20 mars 2012 | PAR Amelie Blaustein Niddam

Blindax la salle en pré-rénovation du Théâtre Gérard Philippe de Saint Denis où le public était venu dionysien et parisien s’éclater littéralement sur la mise en scène dynamique de Jean Bellorini nous proposant un (trop) long voyage sur les mers en compagnie de Gargantua, Pantagruel et Panurge.

Le monde de Rabelais est ici inspiré par des esthétiques prestigieuses : de l’eau pour plateau, il semblerait que cela soit une grande tendance du moment (La dame de la mer proposait également ce dispositif le mois dernier, et en début de saison, le divin I’m the wind de Patrice Chereau faisait surgir les vagues au théâtre de la ville, de tous les spectacles d’Olivier Py, on retrouve des guirlandes de cirque. D’Ariane Mnouchkine, le bric et broc chic de trois lustres qui montent et descendent à la main. Paroles Gelées enchaîne à un rythme parfois inégal, les contes et légendes de Pantagruel. Nous voilà plongés à la fois dans la langue de Rabelais, nous rappelant nos Lagarde et Michard de sixième que l’on croyait enfouis. La langue est riche, inventive. Il est formidable d’assister au voyage des mots en même temps que celui des hommes. Potacheries obligent, les discussions tournent toujours autour du corps et de ses petites affaires, scatologie et allusions intestinales sont là nombreuses. L’ambiance est peut être à la salle de garde, celle de Rabelais, devenu médecin après avoir quitté l’habit dans la jolie ville de Montpellier. Le spectacle débute d’ailleurs par « Les cents et une manières de se torcher», un chapitre au nom limpide de Gargantua ! Cela se passe en avant-scène, demi-rideau baissé. Il se lève enfin et laisse place à un beau tableau : de l’eau donc, des musiciens, une table avec autour 13 comédiens qui vont chanter, danser, êtres conteurs puis contés.

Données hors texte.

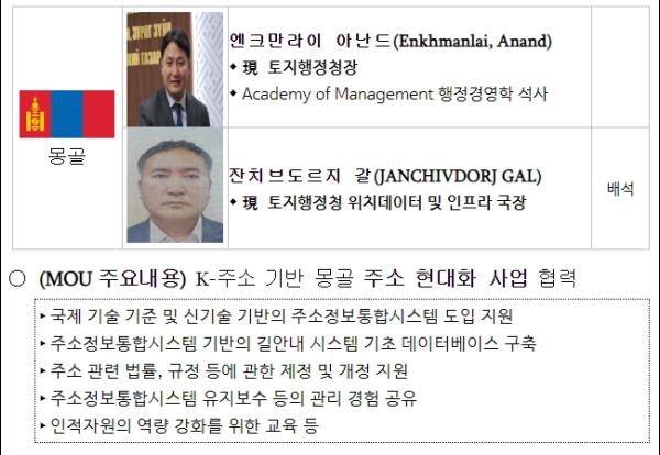 또한, 주소 관련 인적자원의 역량 강화 교육을 위한 인적 교류 등 몽골 주소 현대화 사업추진과 관련한 포괄적 협력을 약속했다.

Sur le fond le spectacle est absolument cohérent, le voyage est sympathique et attrayant, porté par des comédiens extrêmement dynamiques. On y croit. On se surprend à attendre la fin de l’histoire des moutons de Panurge. On jette un « oh ! » de ravissement quand l’amoureuse du même Panurge enfile sa robe de mariée descendue des cintres en une seconde. Les histoires racontent chacune un des travers de l’âme humain : la violence, l’amitié, l’amour, le silence, la peine… La musique, rock tendre, accompagne le périple avec élégance. En revanche, on regrette certaines facilités qui viennent plomber le spectacle : les chansons sur jouées ou les effets de mises en scène ici livrée comme l’on fait un montage de texte manquent de personnalité. Reste un spectacle réjouissant malgré ses longueurs au punch vivifiant.

Visuel (c) Anne Nordmann.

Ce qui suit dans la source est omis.